= What to produce =
An exact reproduction of the data below is expected, free of images.

*** Data extract ***

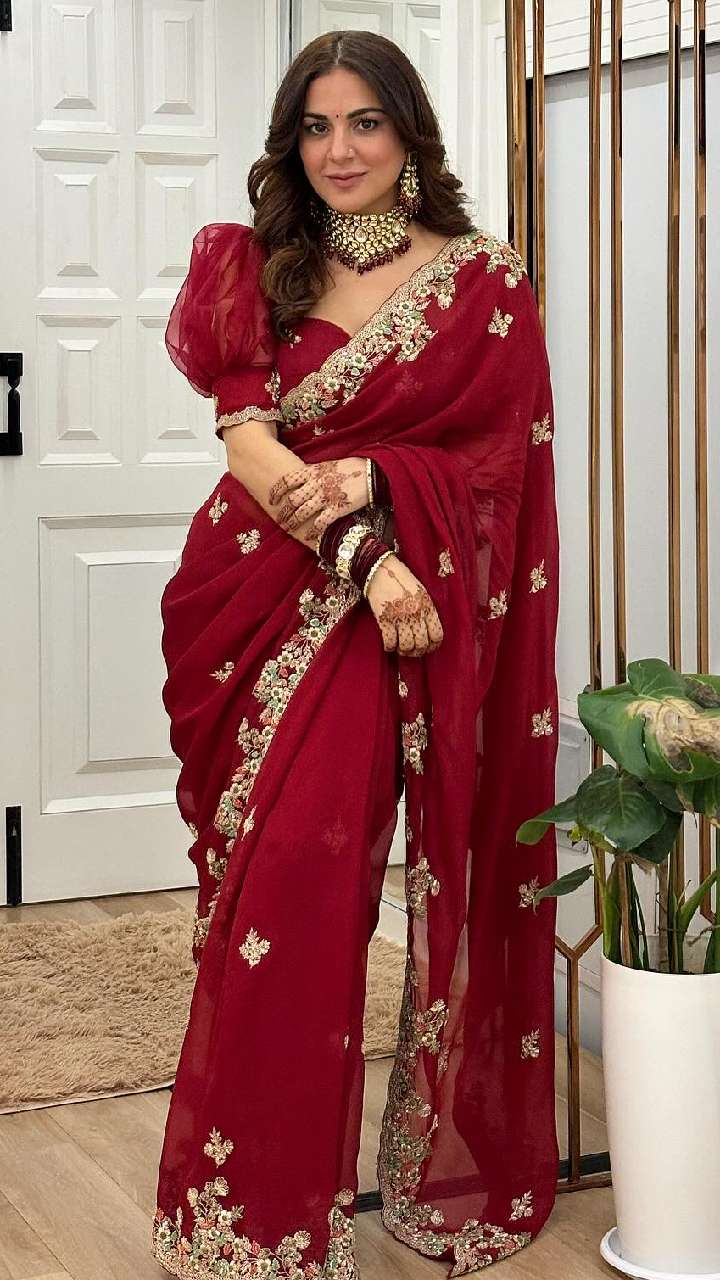 शादी के बाद दुल्हन इस तरह की रेड हैवी वर्क साड़ी चुन सकती हैं। घर के किसी भी फंक्शन में आप इस साड़ी को पहनकर पतिदेव का दिल जीत सकती हैं। लुक को और स्टाइलिश बनाने के लिए आप पफ स्लीव्स ब्लाउज सिलवा सकती हैं।
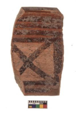 | Description / विवरण | Specimen of black on red ware with black decorative Bands of horizontal lines with intersecting lines in between geometric painting. |
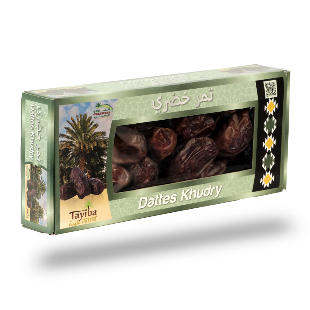Its flesh is firm yet tender and pleasantly moist, melting in the mouth despite its seemingly dry appearance. Thanks to its exceptional flavor, Khudry dates are widely used in pastry and chocolate-making, offering delightful notes of caramel and coffee.

*** End of Data extract ***

= Solution to this task =
 शादी के बाद दुल्हन इस तरह की रेड हैवी वर्क साड़ी चुन सकती हैं। घर के किसी भी फंक्शन में आप इस साड़ी को पहनकर पतिदेव का दिल जीत सकती हैं। लुक को और स्टाइलिश बनाने के लिए आप पफ स्लीव्स ब्लाउज सिलवा सकती हैं।
 | Description / विवरण | Specimen of black on red ware with black decorative Bands of horizontal lines with intersecting lines in between geometric painting. |
Its flesh is firm yet tender and pleasantly moist, melting in the mouth despite its seemingly dry appearance. Thanks to its exceptional flavor, Khudry dates are widely used in pastry and chocolate-making, offering delightful notes of caramel and coffee.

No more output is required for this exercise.